The task of bringing medicines to market is a race against time. Since the onset of the pandemic, the cold storage demand from pharma companies has increased, also flexible cold storage facilities are required now to meet the vaccine demands without any excess or wastage of vaccines. Unlike drugs, all vaccines need to be transported at cold temperatures between 2 and 8 degrees Celsius and many vaccines lose potency when exposed to higher temperatures.
Therefore, technology investment now is key to be successful and it also enables to be prepared for the future disruptions
COMPLIANCE & REGULATION - CHOOSING THE RIGHT SERVICE PROVIDER
It requires a strategic approach to tackle the logistics issues like prioritizing, monitoring, minimizing, and controlling logistics risks, and its imperative that pharma companies shift the logistics cost to “Supply Chain as a Service (ScaaS)”.
Due to increasing regulation and compliance requirements, the pharma industry is going through an enormous change and it needs a good service provider who can understand the pharma ecosystem. It requires a service provider who can respond to demand, provide multimodal options, cost-effective riskbased models, provide flexibility, visibility, and transparency.
The service provider with technical expertise, understanding of the regulation and compliance requirements is the need of the hour. Post pandemic, the traditional way of managing logistics is not going to be sufficient. Only an expert service provider can deliver the plans for the unexpected, reduces waste, cut costs, and can improve delivery times.
Good supply chain management can yield a 25-30% reduction in total supply chain costs. The traditional model is a highly fragmented model and is not going to help anymore as it will increase the cost further. Most global companies are now investing in an ecosystem internally to handle the complex requirements of pharmaceutical companies.
Pharma companies should have a holistic approach in identifying the service partner rather than comparing on a transactional basis.
An expert service provider who follows and deliver “Supply chain as a service” (ScaaS) offers companies end to end supply chain solutions & services from strategy to product delivery and in turn frees up the valuable company time to focus on customers and new product development and allows the company to focus on their core competence area.
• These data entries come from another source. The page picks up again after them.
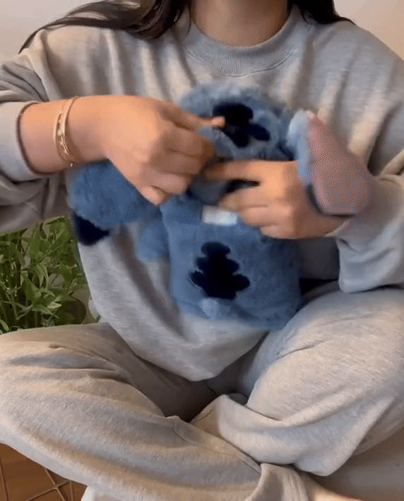 Solo tienes que colocar agua caliente (No hirviendo) en la bolsa interna del peluche. Luego, vuelve a introducirla dentro del peluche y estará listo para usar.
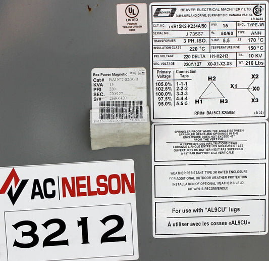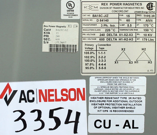15 kVA REX Reconditioned Transformer 240-600V Cat No BA15C-J12 SKU 3354
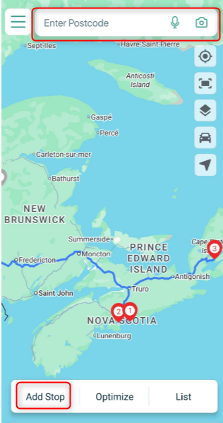 Select 'Add stop' button or start typing a postcode into the slot at the top of your map view screen - this will open the 'Add stops' screen.
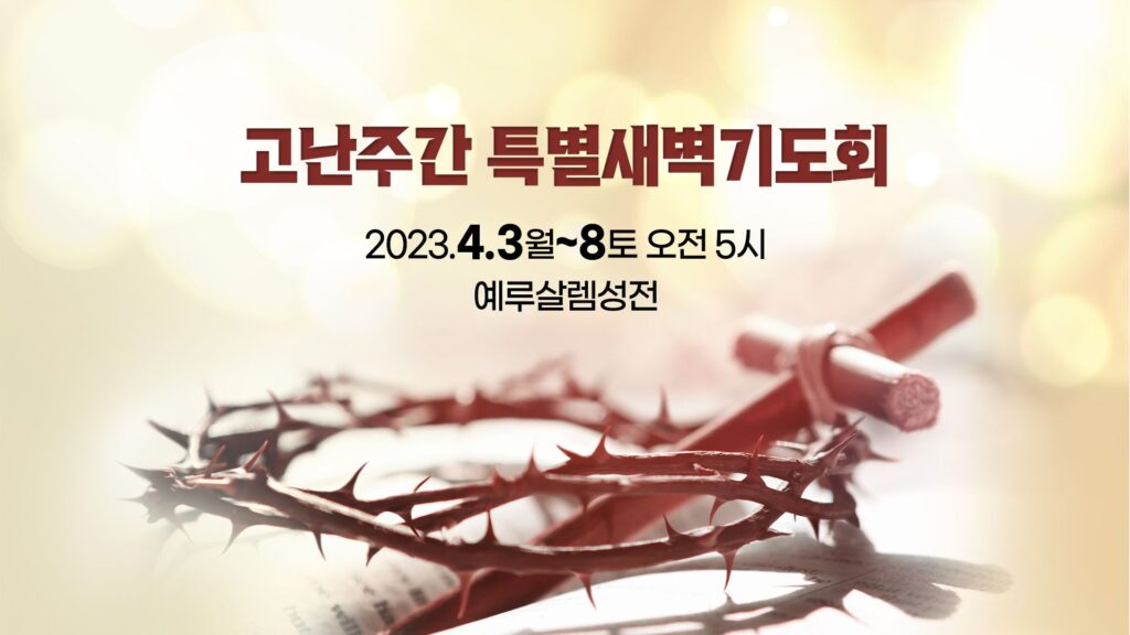 일시 : 2023.4.3월~8토 오전 5시 장소 : 예루살렘성전
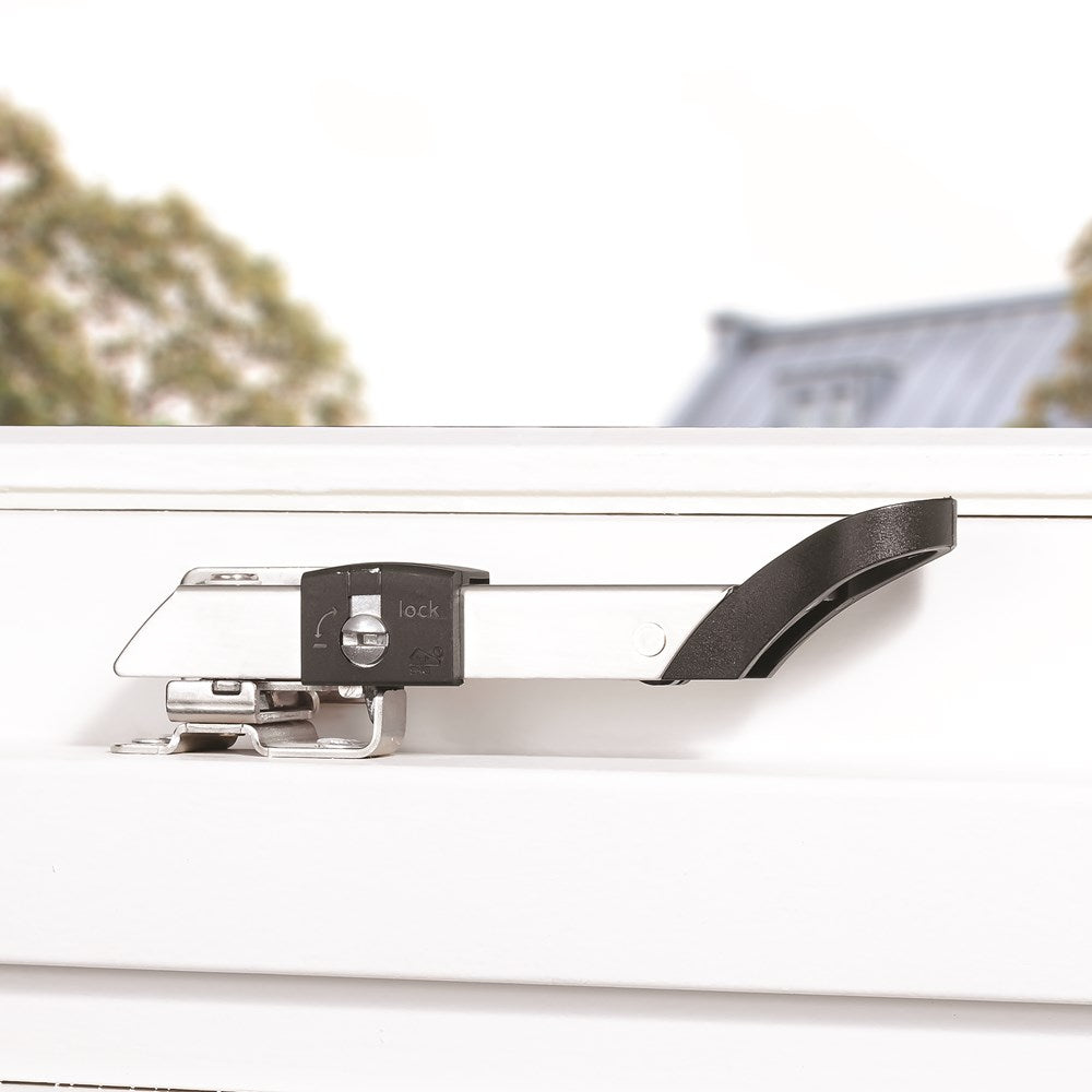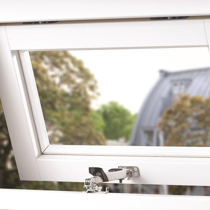 Traploos instelbare raamuitzetter met 3 preferente standen. Geschikt voor klep-, uitzet- en dakramen tot 1000 mm breed. Draairichting: wegdraaibaar naar rechts. Afsluitbare veiligheids combi-uitzetter AXAflex Security voor traploos instelbare ventilatie.
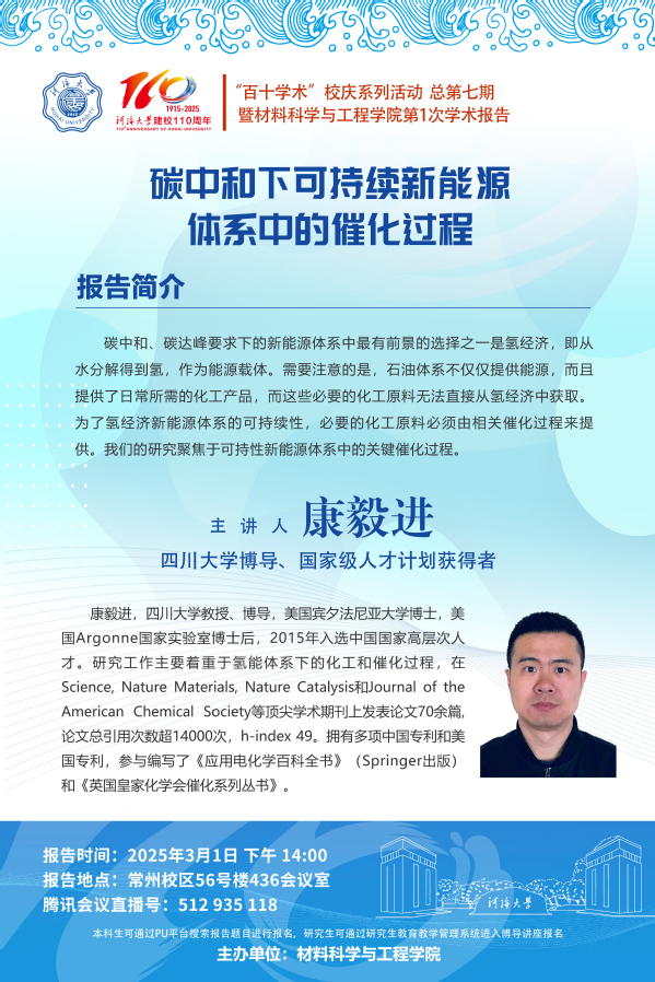 “百十学术”系列活动第7期——康毅进教授:碳中和下可持续新能源体系中的催化过程
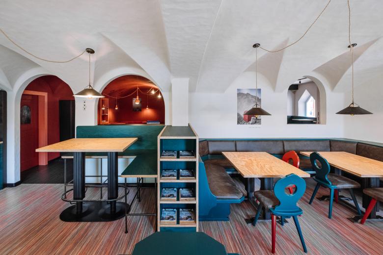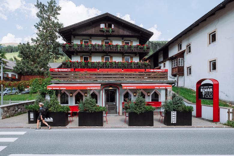 Biwak 12 is the conversion of a typical 1980s restaurant located in the mountain village of Moso, in the heart of the Sesto Dolomites, in South Tyrol. In a small village everything revolves around the theme of the mountains: the idea is to create a meeting place where young and experienced mountaineers, local population and tourists can stay together in a relaxed colorful atmosphere.
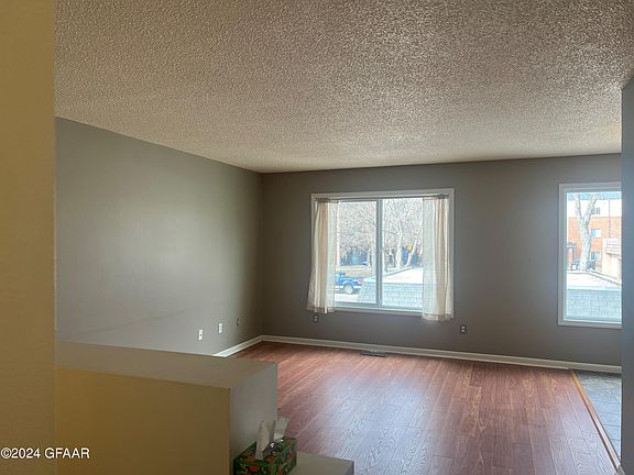 Beautiful townhome north of UND. Private off-street unit, 4 bedrooms, 2 full bathrooms, one upper bedroom has a deck, new carpet in the family room and wood fireplace. Patio doors to the fenced yard, double garage, steel siding and much more.
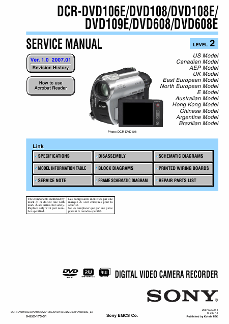 SONY DCR-DVD608E (DCRDVD608E) Service Manual English
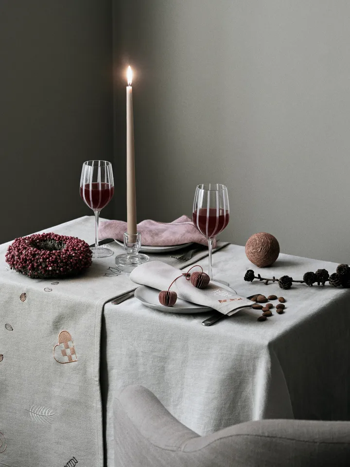 Fryd kangaslautasliina 45 x 45 cm 4 osaa tanskalaiselta Broste Copenhagenilta on puuvillasta valmistettu lautasliina, joka on koristeltu jouluteemaisilla kirjailuilla. Kauniit kangaslautasliinat luovat kodikkaan tunnelman ja saavat vieraasi tuntemaan olonsa hyvin huolitelluksi joulunajan illallisvierailuilla

Pharma companies that leverage the Supply chain as a service can quickly improve their commercial position by utilizing a lower and variable cost structure. Pharma companies can scale up their service that provides a competitive advantage in both the short and long term.
New software technologies, innovations, and digitization by the expert service providers help the pharma companies to meet their end-to-end operations, bridges the gap, and provides visibility and transparency with real-time information.
In the shorter run, choosing an expert service provider may cost more for the pharma companies but in the long run, it brings enormous value to the table and builds sustainability, and gives a competitive advantage for them.